萧远叙算小白花吗?反推一下,自己总被他耍得团团转,这人显然黑透了。

    好像也就叶灯不用排除?!

    路采想起这个名字,就立即将名字抹除。

    ……假设哥哥过去了,会被高岭之花的叶灯翻白眼,还会被穷凶极恶的大佬揍扁。

    他干脆不再纠结,滑进了浴缸底部,直到手机响起才浮出水面。

    看清楚来电显示后,他清了清嗓子,接通后开了个玩笑。

    他道:“您好,恭喜您抽中了路采生日会的门票一张,麻烦您明天及时前来兑奖。”

    萧远叙道:“什么时候有的生日会,公司内网怎么没见申请?你们总裁批准了吗?”

    路采压低了声音:“能免费见明星还顾虑那么多?只和幸运用户共度,两个人悄悄的,拉上窗帘关上门,别让总裁知道就好啦。”

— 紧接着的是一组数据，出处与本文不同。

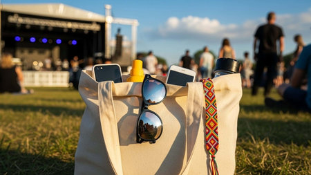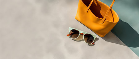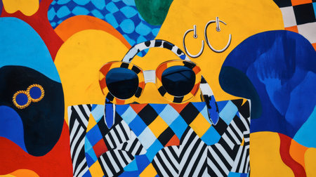 Bright and colorful arrangement featuring a stylish handbag and sunglasses against an abstract background, perfect for fashion and lifestyle themes.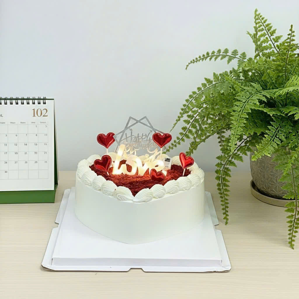 Bánh kem sinh nhật hình trái tim có gắn chữ LOVE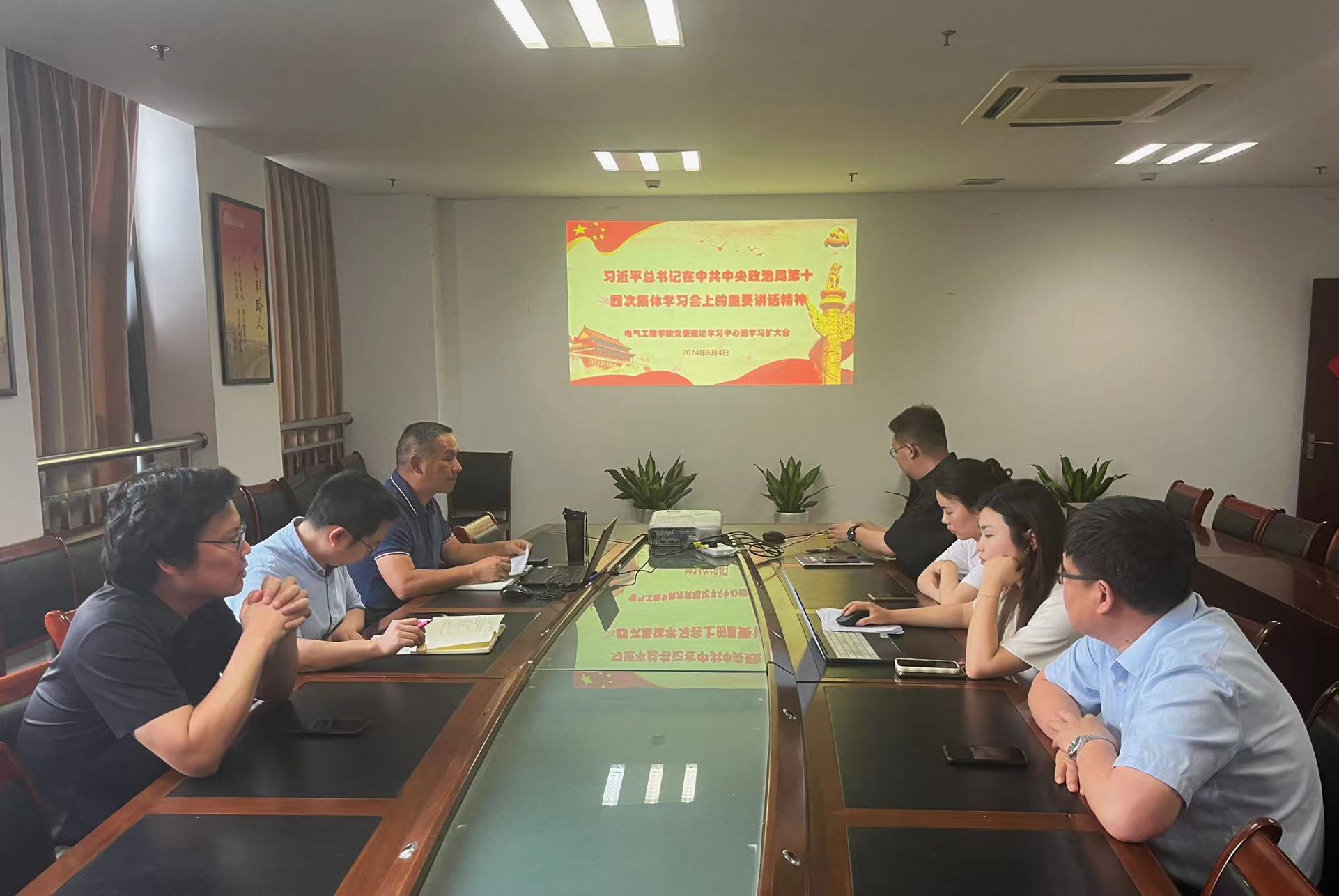 6月4日下午,电气学院党委理论学习中心组扩大会围绕习近平总书记在中共中央政治局第十四次集体学习的重要讲话精神进行专题学习和交流研讨,研究部署学院2024届毕业生就业工作。学院领导班子、相关教研室和专业负责人、辅导员等参加会议,学院党委书记杨清刚主持会议。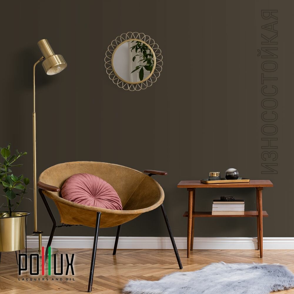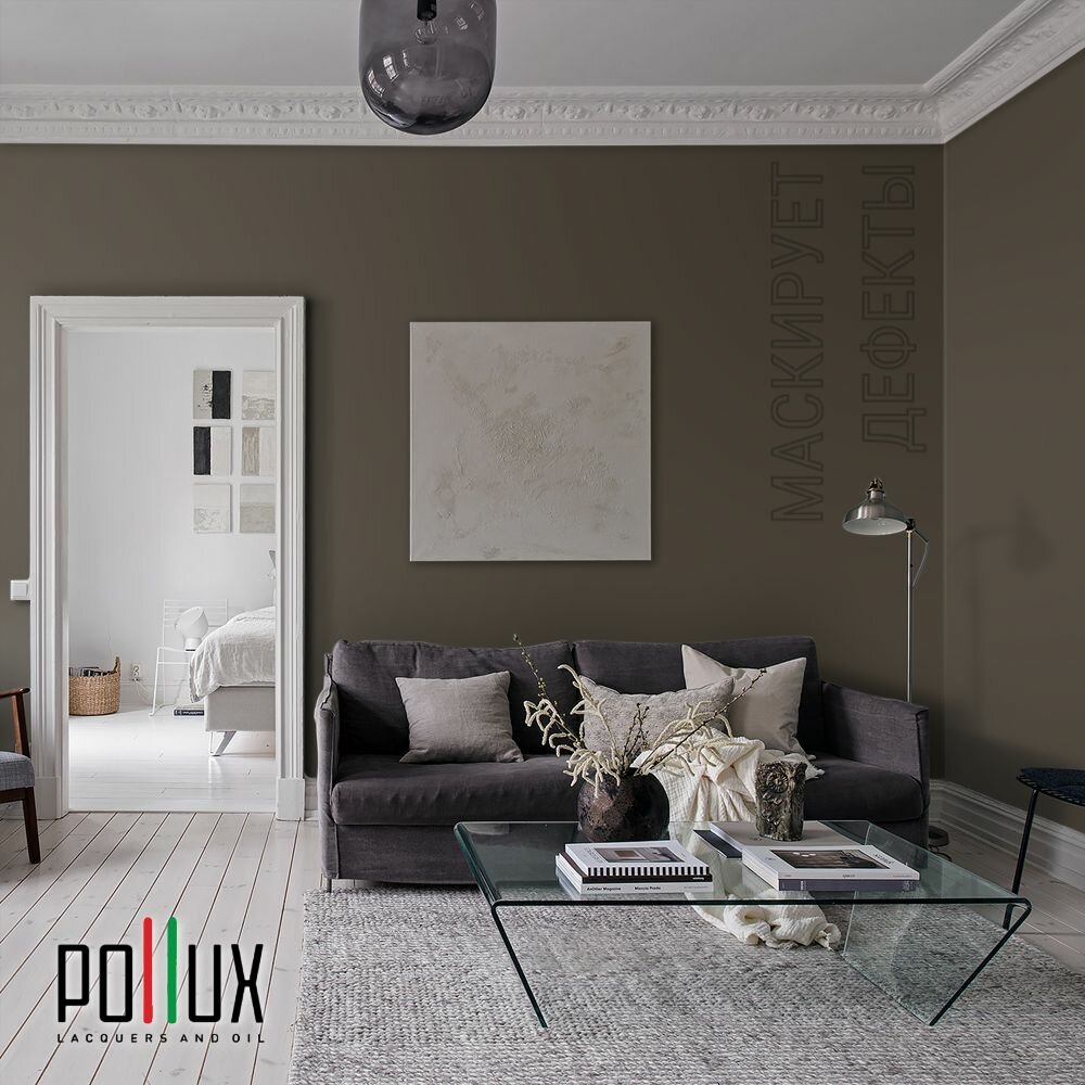 Краска моющаяся интерьерная для стен и потолков, Pollux INTERIOR без запаха, быстросохнущая, акриловая, матовое покрытие, цвет NCS S 7020-Y20R, 1л.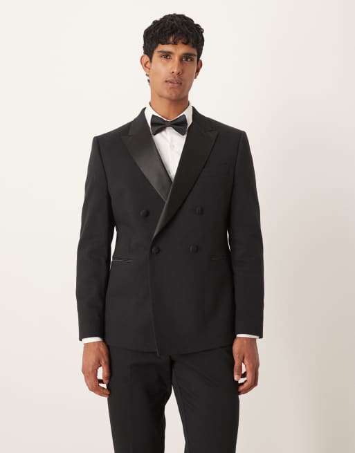 ASOS DESIGN double breasted tuxedo suit jacket in black texture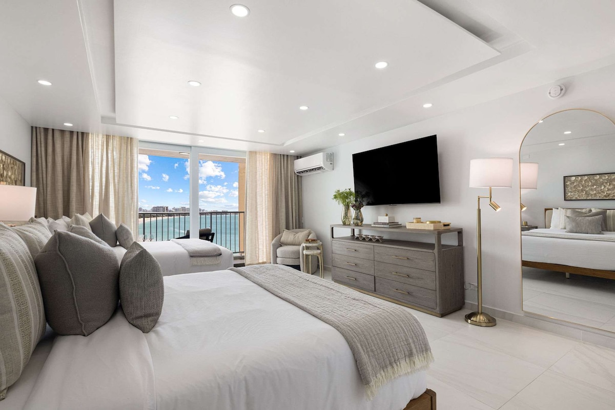 Privately owned Jr 1-Bedroom at ESJ Towers, next door to the El San Juan/ Fairmont Hotel. This 16th-floor apartment sits directly on a beautiful sandy beach alongside water sports and beach restaurants. King bedroom, recessed lighting, all white bedding and walls, 50" smart TV, Bluetooth speaker, washer and dryer, closet safe, full kitchen, and indoor parking space. Building amenities include a gym, lobby business center, and 24-hour gated security.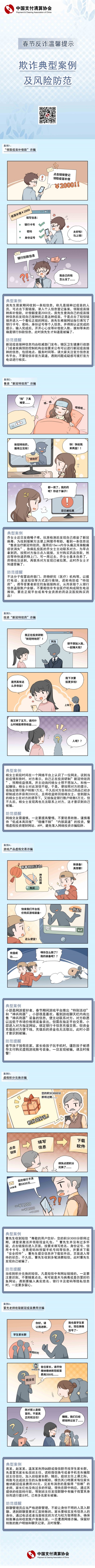 为深入学习贯彻习近平总书记关于打击治理电信网络诈骗犯罪的重要指示精神,认真落实党中央、国务院重大决策部署及人民银行有关工作要求,切实提高人民群众防范电信网络诈骗意识,助力建设更高水平的平安中国,中国支付清算协会坚持“为人民群众办实事”的宗旨,梳理国家反诈中心、会员单位、互联网络等发布的相关反诈案例素材,编写并制作春节反诈温馨提示漫画,引导普通老百姓正确认知和防范欺诈风险,牢牢守护人民群众的钱袋子安全。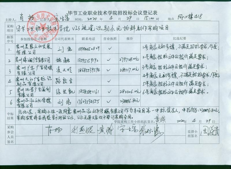 畢節(jié)工業(yè)職業(yè)技術學院VIS視覺識別系統(tǒng)物料制作采購項目第二中標候選人順延為第一中標候選人的公告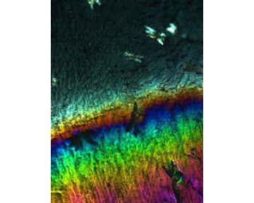 This microscopic picture shows what happens when a synthetic material that’s like silk gets stretched. The stretched part of the material is near the bottom of this picture. It appears to be brightly colored because the molecules are lined up. |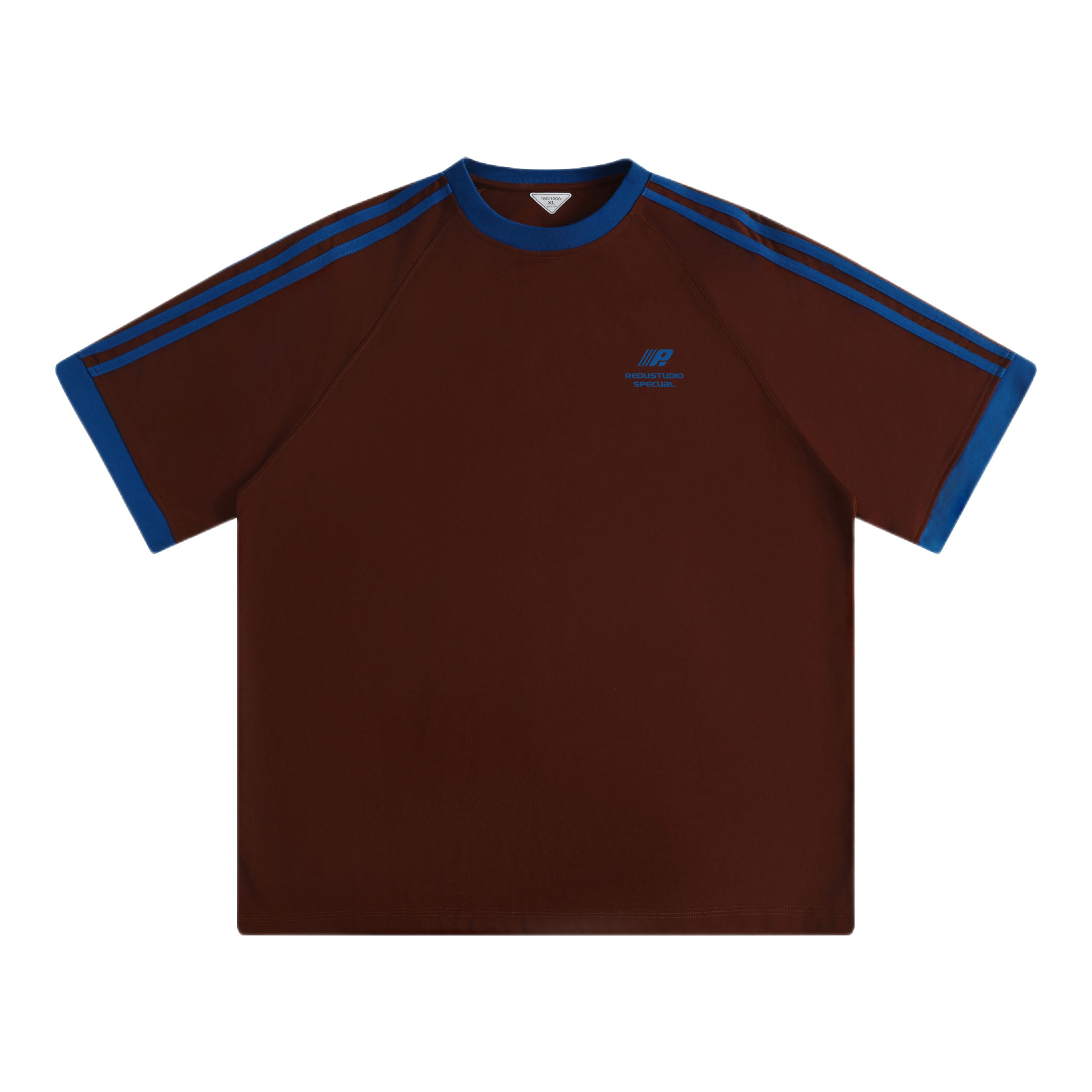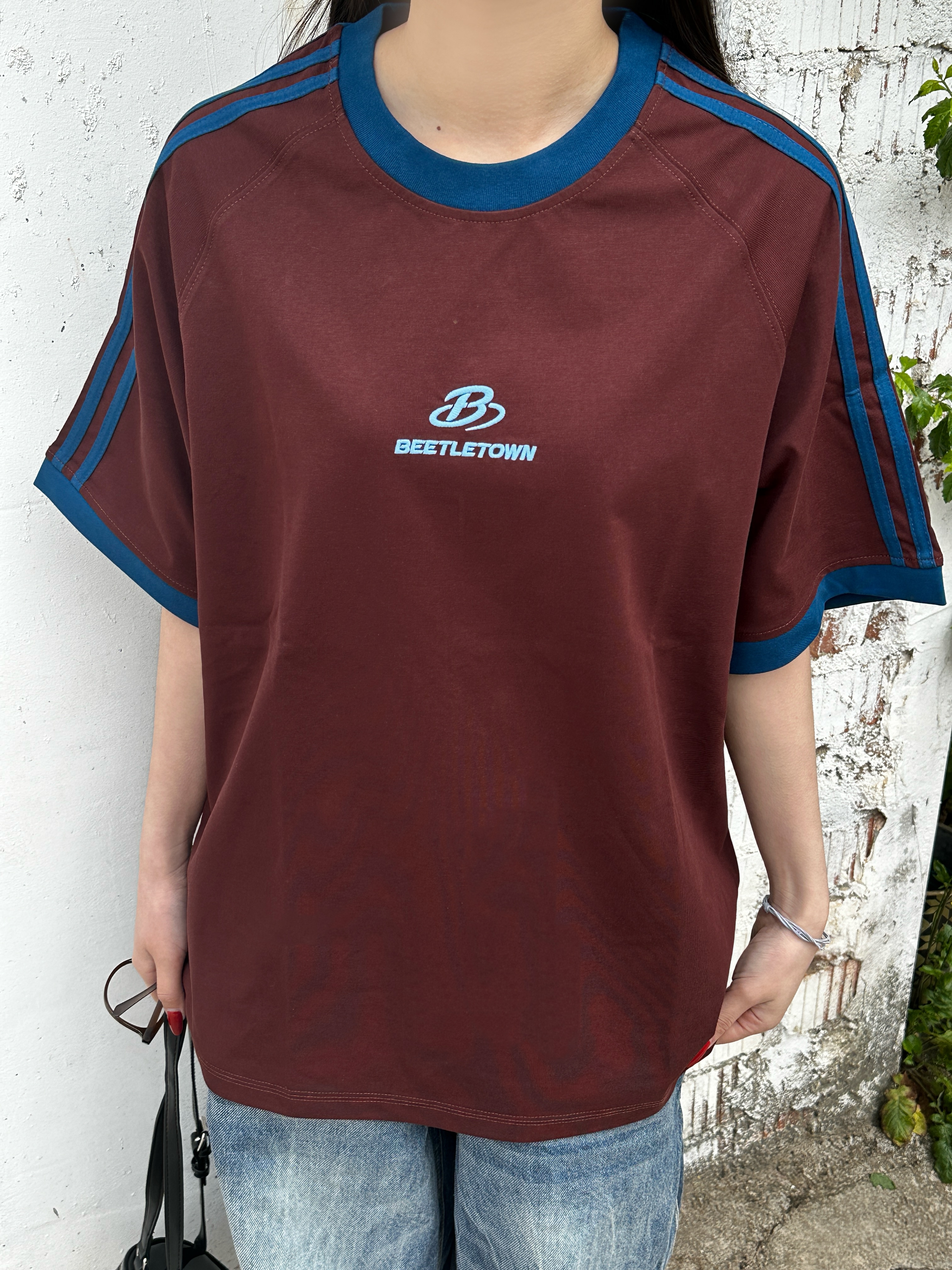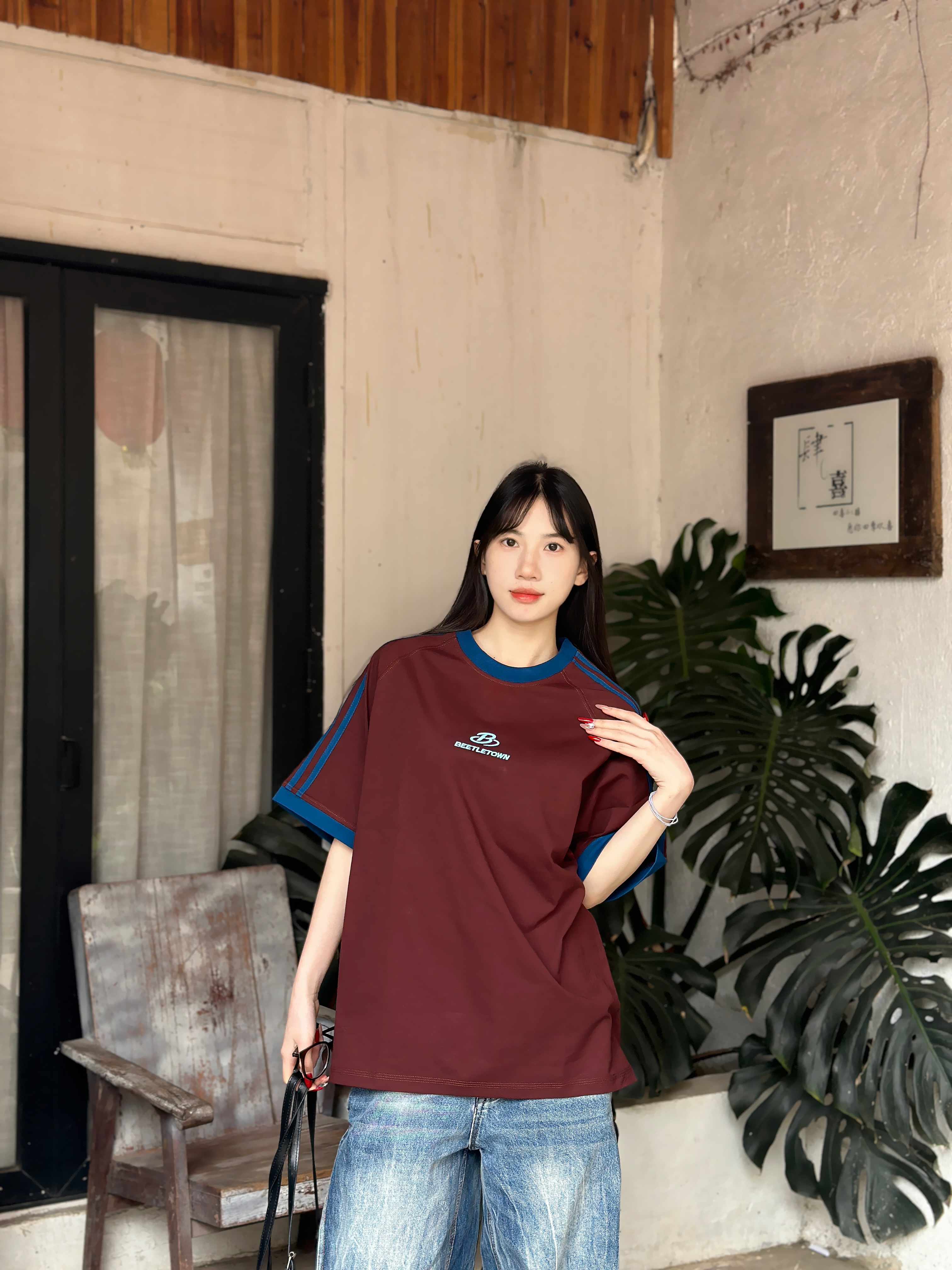 这件复古酒红T真的长在我的审美上! 撞色蓝边+三条杠设计 美式复古感拉满 宽松版型不挑身材 搭做旧阔腿牛仔裤 慵懒又随性 日常出街随便穿都好看 不费力的松弛感穿搭get✅

    萧远叙道:“这生日会怎么感觉有点不正规啊,举办在酒店房间?”

    “幸运用户迫不及待了是不是?”

    “本幸运用户这就提醒总裁来扫黄。”

    路采:“……”

    萧远叙轻笑了声,道:“我明天在山城有事,我妈让我去签一块地。”

    山城和蓉城两地相隔不远,坐高铁一个半小时左右,但签完合同后肯定还要应酬。

    路采顿了顿,问:“明晚能见到你吗?”

    萧远叙道:“你想几点见到我?”

    路采噎了下,觉得这话说得和下套似的。

    如果自己直接回答某个时刻,就仿佛一本正经地盼望着萧远叙过来。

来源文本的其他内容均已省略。